Herbicides can kill cheatgrass, but they tend to be broad spectrum chemical controls and “if you try to seed in perennials after it kills them. It’s expensive and environmentally dubious,” Meyer said.

Enter the black fingers of death. It’s a fungal seed pathogen (pyrenophora semeniperda) that gets its name because it looks like black fingers sticking out of cheatgrass seeds. The fungus kills the seeds before they germinate, when they are dormant. Meyer and her colleagues discovered the fungus when examining cheatgrass seed banks in their study plots in Utah’s Skull Valley.

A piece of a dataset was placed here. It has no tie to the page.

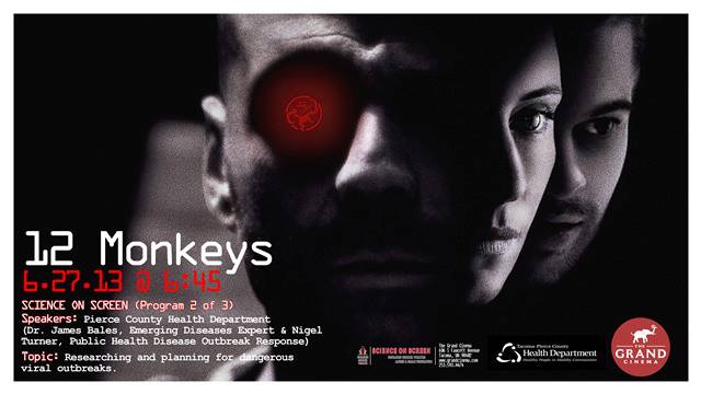 The Grand Cinema and The Tacoma Pierce County Health Department are proud to share that they will be collaborating for an evening of “Science on Screen” on June 27th. Emerging Diseases expert Dr. James Bales and disease outbreak control public health leader Nigel Turner will give a presentation about researching and planning for dangerous viral outbreaks which will be followed by a screening of the 1995 cult classic film “12 Monkeys.”

While promising, the black fingers of death isn’t a silver bullet. It can be used in combination with herbicides, but it doesn’t kill all the dormant seeds in an area. “I think the black fingers of death will never be more than a tool in the tool box,” Meyer said. “It can’t eliminate cheatgrass all by itself. All it can do is reduce the seed bank.”

Enter the bleach blonde syndrome, caused by another fungal pathogen that appears to be a factor in natural die-offs of cheatgrass stands. Bleach blonde attacks the head of cheatgrass plants, turning it a bleach blonde color, stunting its growth, making it fall over and often preventing the production of viable seed. The fallen-over plants form a litter on the ground that when wet stimulates another fungus that kills germinating seeds.

Meyer believes that further study may show that using black fingers of death in combination with bleach blonde syndrome may be the ticket, allowing for attacks not just on dormant seeds, but germinating ones as well.

“Were trying to find out if we can make it happen, create die-offs,” she said. “If you could just manipulate the environment and wake up the pathogens that are there and cause die-offs, you could seed [native perennials] into that.”

Other promising research is being conducted by scientists with the federal Agricultural Research Service in Pullman, Washington. There, soil scientist Ann Kennedy has found that a strain of soil bacteria can stunt the growth of cheatgrass and cut seed production — enough to give natives a competitive shot.

Meyer believes that with continued research “we can develop the scientific knowledge and technology to restore the Great Basin.” But, she adds, “it would be a major investment to do it on any scale.”

And she has her doubts whether taxpayers would want to make the investment. “I’m not sure society is ready to invest in ugly,” Meyer said. “When people drive from Salt Lake City to San Francisco they just endure the Great Basin. They think it’s nothing. As climate change worsens, we’ll probably be more worried about how to keep growing corn in the Midwest.”